LIST OF REFERENCE NUMBERS

1 exhaust aftertreatment device

2 housings

3 cylinder jacket

4 first end wall

5 second end wall

6 recess

7 feed tube

8 arrow

9 of the second end wall 5 adjacent end of the feed pipe. 7

10 recess

11 arrow

12 reductant addition area

13 boundary tube

14 annular element

15 injection nozzle

16 arrow

17 supply line

18 of the first end wall 4 adjacent end of the limiting tube thirteenth

19 recess

20 arrow

21 SCR prechamber

22 SCR catalyst

23 upstream end of the SCR prechamber 21

24 downstream end of the SCR prechamber 21

25 partition

26 recess

27 arrow

28 outlet chamber

29 upstream end of the discharge chamber 28

30 SCR catalyst outlet downstream end of the outlet chamber 28 recess

outlet pipe

arrow

intersection

Claims

claims

1. exhaust aftertreatment device (1), in particular for a diesel engine, which is traversed by an exhaust gas stream and an exhaust gas inlet (10), a reducing agent addition system for adding reducing agent in the exhaust stream, a nitrogen oxide reduction catalyst (22) and an exhaust gas outlet (32), characterized in that the reducing agent addition system comprises at least two reducing agent adding devices, in particular injection nozzles (15).

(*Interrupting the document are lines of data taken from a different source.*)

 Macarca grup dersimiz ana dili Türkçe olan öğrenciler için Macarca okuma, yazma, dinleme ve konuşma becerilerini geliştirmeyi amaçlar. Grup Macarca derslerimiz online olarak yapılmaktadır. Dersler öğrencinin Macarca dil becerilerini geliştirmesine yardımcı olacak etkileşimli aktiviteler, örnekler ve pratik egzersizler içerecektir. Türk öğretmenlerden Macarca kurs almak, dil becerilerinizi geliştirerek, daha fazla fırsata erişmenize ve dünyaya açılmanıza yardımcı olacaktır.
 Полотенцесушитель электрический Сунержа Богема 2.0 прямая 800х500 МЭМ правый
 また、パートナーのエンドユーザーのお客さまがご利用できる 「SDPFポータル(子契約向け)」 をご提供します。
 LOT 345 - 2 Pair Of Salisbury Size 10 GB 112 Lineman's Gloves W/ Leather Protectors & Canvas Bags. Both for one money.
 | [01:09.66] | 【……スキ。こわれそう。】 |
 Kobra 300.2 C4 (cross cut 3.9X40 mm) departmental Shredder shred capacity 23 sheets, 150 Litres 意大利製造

2. exhaust aftertreatment device (1) according to claim 1, characterized in that the exhaust gas aftertreatment device (1) has an approximately annular chamber-shaped reducing agent addition area (12), in which the addition of the reducing agent in the exhaust gas stream.

3. exhaust aftertreatment device (1) according to any one of the preceding claims, characterized in that the reducing agent addition area (12) by an approximately tubular Abgaszuführvorrichtung (7) and a concentrically arranged for this purpose, approximately tubular formed Reduktionsmittelzugabe- area-limiting device (13) is formed ,

An exhaust aftertreatment device (1) according to any one of the preceding claims, characterized in that the reducing agent adding means (15) are disposed at an upstream end of the reducing agent addition section (12).

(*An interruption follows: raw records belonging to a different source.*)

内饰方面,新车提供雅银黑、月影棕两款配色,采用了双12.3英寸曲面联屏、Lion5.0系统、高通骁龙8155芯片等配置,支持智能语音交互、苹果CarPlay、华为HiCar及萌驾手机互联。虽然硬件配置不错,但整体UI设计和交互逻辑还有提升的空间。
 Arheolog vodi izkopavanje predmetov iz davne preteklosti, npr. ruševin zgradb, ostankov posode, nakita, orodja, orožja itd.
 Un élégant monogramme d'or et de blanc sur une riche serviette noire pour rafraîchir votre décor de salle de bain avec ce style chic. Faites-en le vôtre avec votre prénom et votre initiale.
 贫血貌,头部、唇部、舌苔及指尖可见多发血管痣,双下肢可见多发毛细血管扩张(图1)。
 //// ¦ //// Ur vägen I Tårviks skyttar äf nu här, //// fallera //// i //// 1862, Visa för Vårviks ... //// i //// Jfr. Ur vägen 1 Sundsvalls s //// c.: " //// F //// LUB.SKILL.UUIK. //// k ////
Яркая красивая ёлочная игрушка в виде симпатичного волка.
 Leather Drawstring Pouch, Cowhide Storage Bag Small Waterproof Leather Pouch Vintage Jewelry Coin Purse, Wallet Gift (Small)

An exhaust aftertreatment device (1) according to claim 4, characterized in that the exhaust gas inlet (10) is formed adjacent to the upstream end of the reducing agent addition section (12) in the exhaust gas supply device (7).

An exhaust aftertreatment device (1) according to claim 3, 4 or 5, characterized in that the annular chamber-shaped reducing agent addition portion (12) of the exhaust aftertreatment device (1) is housed in a housing (2) such that the tubular exhaust gas supply device (7) and the tubular restriction device (13) between a first housing end wall (4) and a second housing end wall (5) in the housing (2), that the exhaust gas inlet (10) into the reducing agent addition area (12) in the Abgaszuführvorrichtung (7) adjacent to the second, the end of the limiting device (13) closing housing end wall (5) is formed, wherein the Reduktionsmittelzugabevorrichtungen adjacent to the second housing end wall (5) in the region of the exhaust gas inlet (10) at the upstream end of the Reduktionsmittelzugabebereichs (12) are arranged.

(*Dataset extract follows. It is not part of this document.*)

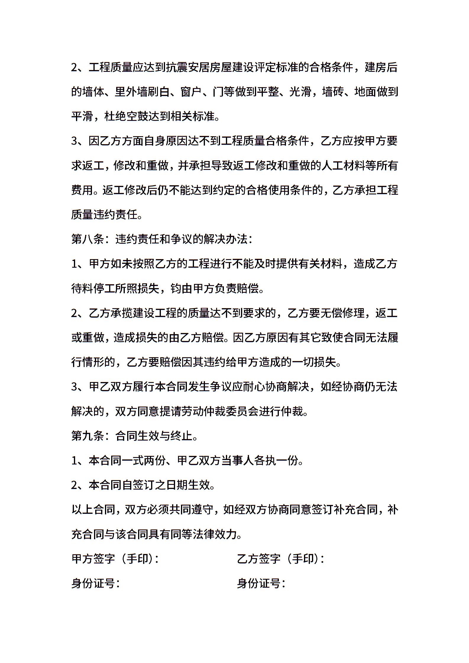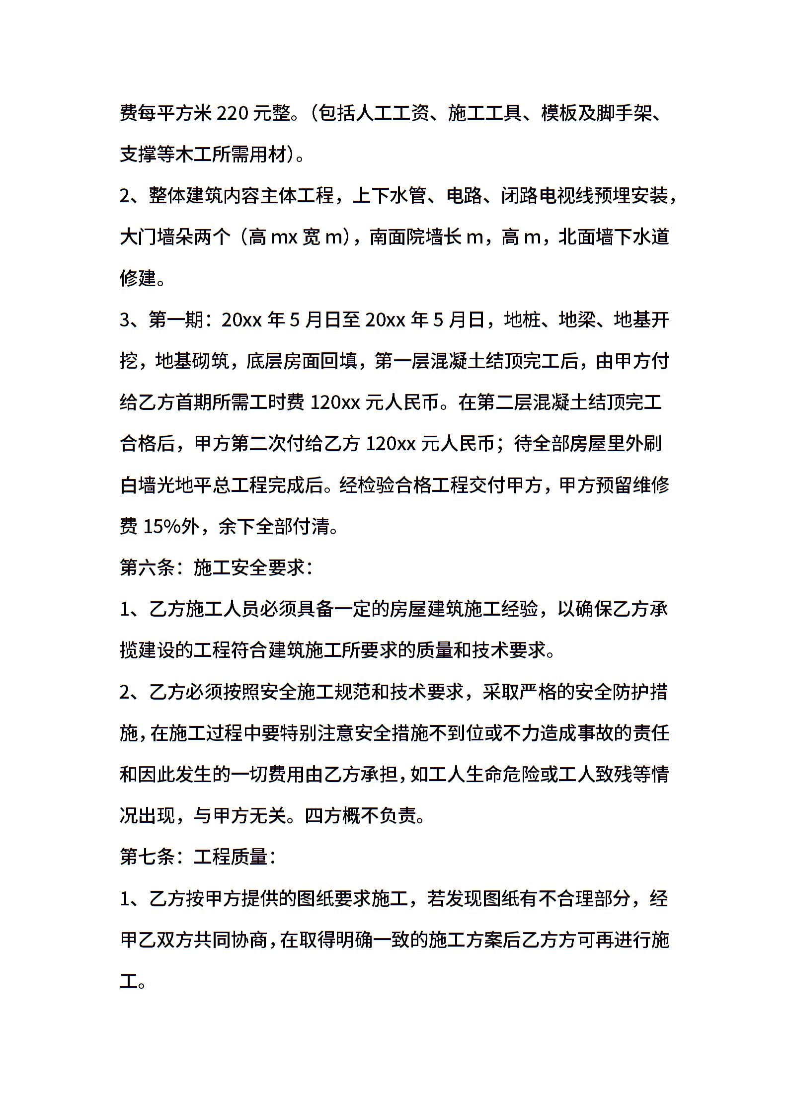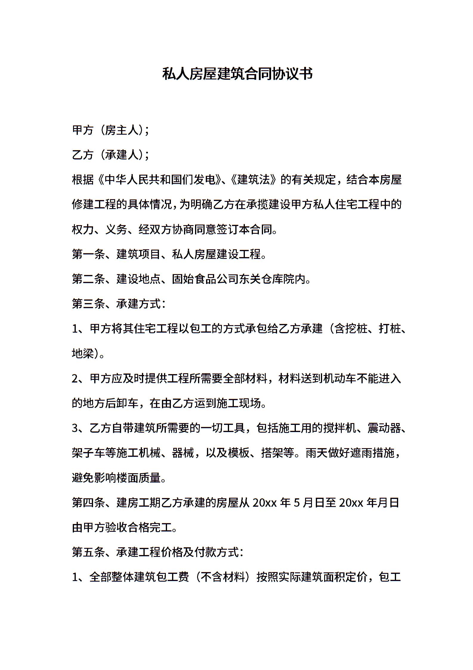 私人房屋建筑合同协议书

7. exhaust aftertreatment device (1) according to one of claims 3 to 6, characterized in that the Abgaszuführvorrichtung (7) and / or the Reduktionsmittelzugabebereich limiting device (13) have a circular or an elliptical cross-sectional shape.

8. Exhaust after-treatment device (1) according to one of claims 3 to 7, characterized in that the Abgaszuführvorrichtung (7) and the Reduktionsmittelzugabebereich limiting device (13) have an identical cross-sectional shape.

9. exhaust aftertreatment device (1) according to any one of the preceding claims, characterized in that the Reduktionsmittelzugabevorrichtungen (15) have a common feed line.

10. Aftertreatment device (1) according to any one of the preceding claims, characterized in that the reducing agent adding devices (15) are individually controllable, i. individually openable and closable.